The Supreme Court requested KY Attorney General Respond

WASHINGTON D.C. – On December 14, 2012, Kentucky Attorney General Jack Conway filed a waiver of right to file a response with Supreme Court of the United States (SCOTUS) in response to the Petition for a Writ of Certiorari in the Kentucky Homeland Security case.The waiver of the right to answer by the defendants could be seen in at least two different ways: 1) They think our argument and case is so weak that no reply is necessary, or 2) They want SCOTUS to take the case.

On January 11, 2013, SCOTUS sent Conway a letter requesting that Kentucky file a response. SCOTUS told Conway

Although your office has waived the right to file a response to the petition for a writ of certiorari in the above case, the Court nevertheless has directed this office to request that a response be filed.

Forty printed copies of your response, together with proof of service thereof, should be filed on or before February 6, 2013.

Your attention is directed to the provisions of Rule 33 of the rules of this Court. Please note that the color or the cover of your brief should be orange.

This request by SCOTUS increases the probability that SCOTUS will review this case. Only one out of every thousand cases petitioned to SCOTUS are actually heard. The fact that SCOTUS is demanding Conway produce 40 orange covered copies of a response by February 6 indicates that at least someone has read something in the petition that concerns them.

You may read the letter from SCOTUS to Conway here:  SCOTUS To KY Attorney General.

American Atheists Petitions the US Supreme Court

On November 13, 2012, American Atheists (AA) National Legal Advisor Edwin Kagin submitted a petition for a writ of certiorari to the Supreme Court of the United States (SCOTUS). This means that he is asking SCOTUS to review the Kentucky Homeland Security lawsuit. AA won at the Circuit Court level, but had the decision reversed by the Ky Court of Appeals. The Ky Supreme Court decided not to review the Court of Appeals’ decision.

Filing the petition does not guarantee SCOTUS will here the case. Only one in one thousand cases are heard. Four justices must agree to hear the case before it will be heard.

You may review the petition here:Petition to the Supreme Court

KY Supreme Court Denies Discretionary Review

The Kentucky Supreme Court sent a very short letter to Edwin Kagin, notifying him that they have denied a discretionary review. This means that the Kentucky Homeland Security Law stands at this time. One judge dissented and said there should have been a discretionary review. I believe that there had to be three judges request a discretionary review before a review would have occurred.

This does not mean that the Supreme Court has validated the Appeals Court decision, rather, it simply means that they will conduct a review. This does have the effect of leaving the law in place.

We plaintiffs have three courses of action: 1) Refile in federal court; 2) Request a review by the U.S. Supreme Court; 3) do nothing. I will keep you posted of any decisions regarding this case made by the American Atheists attorneys.

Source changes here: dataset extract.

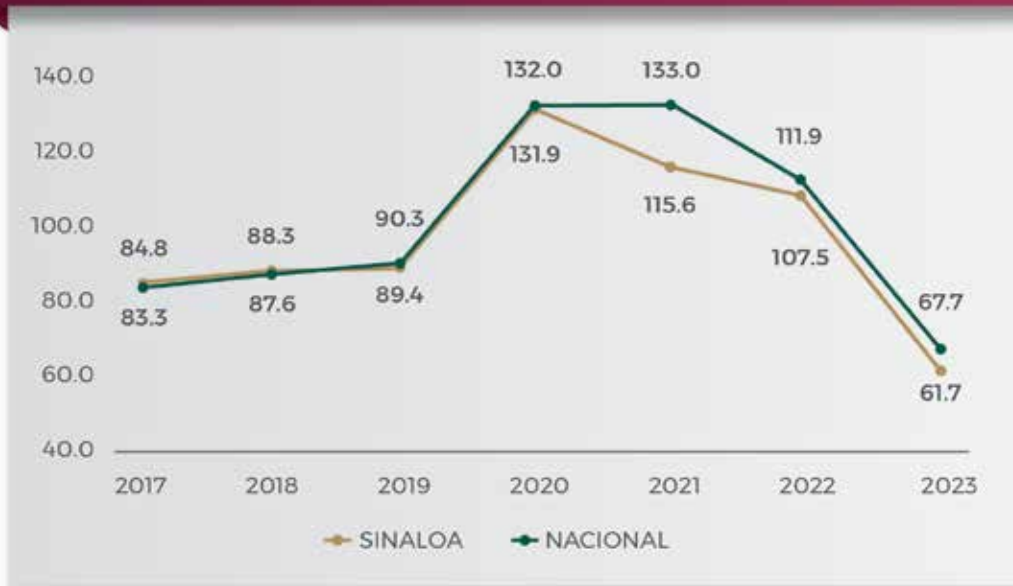
Mortalidad isquémica del corazón Sinaloa - Nacional 2017-2023

En ese mismo sentido, la tasa de mortalidad isquémica del corazón se mantuvo por debajo de la nacional, registrando disminuciones en los últimos 3 años con una tasa del 61.7 por 100 000 habitantes.

Plaintiffs File Motion for Discretionary Review

Edwin Kagin defends the constitution.

Edwin Kagin defends the constitution.

American Atheists and the individual plaintiffs have filed a Motion for Discretionary Review by the Kentucky Supreme Court. The text of the motion may be read here: KOHS Motion for Discretionary Review

Louisville C-J: Appeals court considers law crediting God for Kentucky’s security

Edwin Kagin defends the constitution.

Edwin Kagin defends the constitution.

Written by Peter Smith  

FRANKFORT, Ky. — According to the lawyers on opposing sides, the decision should be as easy as either affirming what everybody learns in grade school or dismissing a profession of faith in the “Flying Spaghetti Monster.”

But it won’t be easy for the ones who actually have to decide the issue, according to the head of a three-judge panel of the Kentucky Court of Appeals.

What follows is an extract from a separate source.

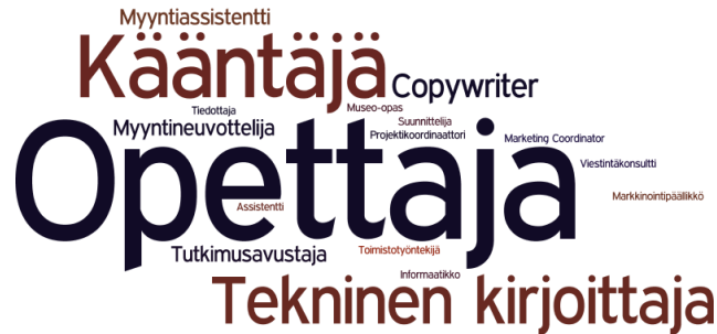
Kuvio 2. Kieliasiantuntijoiden ammattinimikkeet ensimmäisessä työpaikassa.

giasta valmistunutta. Huomionarvoista on, että kaikki tekniset kirjoittajat ovat englantilaisen filologian alumneja. Aineiston perusteella moni on aloittanut työuransa kääntäjänä, vaikka Oulun yliopistossa ei varsinaisesti kääntäjäkoulutusta olekaan. Suurin osa kaikista kieliasiantuntija-ryhmän vastaajista on työllistynyt elinkeinoelämän palvelukseen.

The panel heard oral arguments Thursday over whether Kentucky law can mandate that the state declare its reliance upon “Almighty God” for its safety and security.

“The court is struggling with a difficult decision,” Senior Judge Ann O’Malley Shake said Thursday morning after lawyers quoted numerous court precedents that either allow or restrict the expressions of religion in the government sphere.

“The distinctions have been drawn with difficulty over the years, and will be in this case, I’m sure, as well,” Shake said.

At issue are laws passed in 2002 and 2006 — after the terrorist attacks of Sept. 11, 2001.

A 2002 “legislative finding” says the “safety and security of the commonwealth cannot be achieved apart from reliance upon Almighty God.”

And a 2006 act creating the state Office of Homeland Security requires its executive director to publicize this “dependence on Almighty God” in agency training and educational materials and through a permanent plaque at the entrance to its emergency operations center.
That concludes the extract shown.